Private Lines workers could encourage other Local members to raise motions in their division meetings for such a demonstration, and circulate the petition that’s going around demanding that the Local 100 leadership organize it.
Of course one massive demonstration by the Local that ties up traffic and targets Mayor Bloomberg may not be enough to win the strike. So it should be viewed as the beginning of a campaign of mass protests.
NYCT workers’ Health Benefit Trust is on the verge of collapse and their contract expires in December. The Private Lines strike has strong sympathy in the rest of the Local, and NYCT workers know a victory there is necessary to prepare for their own fight. So NYCT workers have every reason to actively support the Private Lines strike.
The looming NYCT workers’ contract struggle is also the reason why a mobilization of the whole Local could be such a powerful weapon in support of the Queens strike. The bosses and politicians are scared to death of a possible transit strike shutting the city down at the end of the year and would be eager to defuse growing militancy among NYCT workers.

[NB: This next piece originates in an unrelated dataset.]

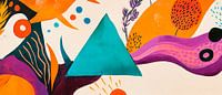 Een levendig samenspel van geometrische vormen en organische lijnen die de aandacht trekken met helder turquoise, warm oranje en diep paars. De dynamische structuren en speelse accenten geven elke ruimte energie. Perfect voor de woonkamer of een creatief thuiskantoor om inspiratie op te doen en een uitnodigende sfeer te creëren.

In fact, NYCT workers have shown that they want to more actively support the Private Lines strike, and that what’s missing is top-union leadership to organize the fight. For example, when Private Lines strikers recently visited the Coney Island Yards Overhaul Shop lunchroom, a trackworker supporter of RTW urged a Local-wide march across the Brooklyn Bridge. The suggestion got applause and cheers from the hundreds of Car Maintenance workers present. Car Maintenance V.P. Neil Persaud also said that he supported this idea. But when pressed on whether he would actually fight in the union for the action to be organized, Persaud didn’t commit himself.
Private Lines workers who want to see their struggle hit the bosses and politicians harder and spread throughout the Local must demand that their leaders make every effort to achieve this. NYCT workers must put similar pressure on their leaders, from Shop Stewards to Division leaders and Executive Board members. Take every opportunity to press them to support a mass demonstration by the Local to support the strike, and make them promise to raise motions to that effect at the highest levels they can.
NYCT workers particularly need to pressure elected leaders around Rank and File Advocate (R& FA). These “militants” like RTO Executive Board member Steve Downs and Local 100 Recording Secretary Noel Acevedo, have been speaking in support of ideas for taking the strike forward that are similar to some of those we are proposing. But so far we have not seen any evidence that they are really fighting for such actions at Division Executive Board meetings. Workers should tell them to put up or shut up!
If Private Lines strikers spread their call for action among Transit workers throughout the Local, there will be a groundswell of support for the Local to take action. If members corner officials everywhere they go with demands for the whole Local to take mass action in support of the Private Lines strike, we can pressure them to organize the actions we need to win the strike.
A victory in the strike will do much more than secure the Private Lines workers’ living and working conditions. It will unite and strengthen the whole Local in preparation for the big battles to come at the end of the year over the NYCT workers’ contract.